About ROAR-NET

The multiple requirements placed on modern real-world processes and systems are ever more demanding. Meeting such requirements can only be achieved through systematic methods capable of identifying the best course(s) of action among the possible alternatives, which are generally known as optimisation algorithms. Optimisation algorithms find application in virtually all areas of knowledge and human activity, but require suitable models of the problems of interest in order to operate. Producing such models is often a challenging task which involves understanding both the problem at hand and the type of optimisation algorithm to be used, and may entail significant effort. Compared to their deterministic counterparts, Randomised Optimisation Algorithms (ROAs) tend to be simpler to design and implement while offering improved performance, particularly on large problems whose internal structure is not sufficiently well known or even available. However, ROAs are still far from reaching the level of widespread and systematic adoption enjoyed by more traditional optimisation solvers in the real world.

ROAR-NET aims at making randomised optimisation algorithms widely competitive in practice by identifying and reducing obstacles to their adoption at the scientific, technical, economic, and human levels. It focuses on meeting the needs of practitioners, from whose activities the economic value of optimisation solvers stems.

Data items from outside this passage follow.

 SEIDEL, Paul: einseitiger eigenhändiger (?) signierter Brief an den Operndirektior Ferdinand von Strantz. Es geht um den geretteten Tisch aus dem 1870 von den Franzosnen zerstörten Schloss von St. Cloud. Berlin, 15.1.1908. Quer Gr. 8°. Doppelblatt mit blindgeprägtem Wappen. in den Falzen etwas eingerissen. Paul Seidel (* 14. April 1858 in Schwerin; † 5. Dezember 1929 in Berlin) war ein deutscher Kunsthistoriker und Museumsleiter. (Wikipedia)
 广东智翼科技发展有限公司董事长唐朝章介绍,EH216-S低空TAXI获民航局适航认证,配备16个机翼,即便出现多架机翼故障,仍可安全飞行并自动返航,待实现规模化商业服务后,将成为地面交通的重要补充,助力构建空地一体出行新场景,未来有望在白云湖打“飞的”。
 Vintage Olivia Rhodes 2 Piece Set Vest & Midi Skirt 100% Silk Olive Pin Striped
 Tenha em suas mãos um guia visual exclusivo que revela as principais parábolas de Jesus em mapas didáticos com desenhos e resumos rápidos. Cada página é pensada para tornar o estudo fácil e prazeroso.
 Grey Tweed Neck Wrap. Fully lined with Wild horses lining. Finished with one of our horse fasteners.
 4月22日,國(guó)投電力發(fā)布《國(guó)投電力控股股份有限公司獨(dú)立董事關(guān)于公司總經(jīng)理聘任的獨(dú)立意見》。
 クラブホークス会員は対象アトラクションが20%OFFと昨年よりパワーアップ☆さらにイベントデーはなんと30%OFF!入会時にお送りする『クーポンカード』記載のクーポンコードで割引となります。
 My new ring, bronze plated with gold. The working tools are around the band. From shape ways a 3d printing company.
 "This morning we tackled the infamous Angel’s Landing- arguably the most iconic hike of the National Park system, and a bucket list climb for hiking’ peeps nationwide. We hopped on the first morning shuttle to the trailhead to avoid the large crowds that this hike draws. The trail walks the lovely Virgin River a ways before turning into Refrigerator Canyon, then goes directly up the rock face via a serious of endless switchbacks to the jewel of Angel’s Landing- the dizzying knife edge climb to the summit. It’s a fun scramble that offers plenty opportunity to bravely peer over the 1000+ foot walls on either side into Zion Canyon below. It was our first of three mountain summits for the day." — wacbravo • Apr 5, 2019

These needs are taken as the driving force for new theoretical, methodological, and technical advances leading to the sustainable development of widely available software tools, training materials and programmes, and ultimately to more extensive acceptance and deployment of these methods.

The network brings together an extensive number of ROA theoreticians and algorithm developers, applied researchers, software developers, and practitioners, distributed across more than 40 countries. This geographical diversity assists in ensuring that the frameworks, libraries and software tools developed through the network are applicable to a wide range of real-world problem scenarios while supporting the latest theoretical developments.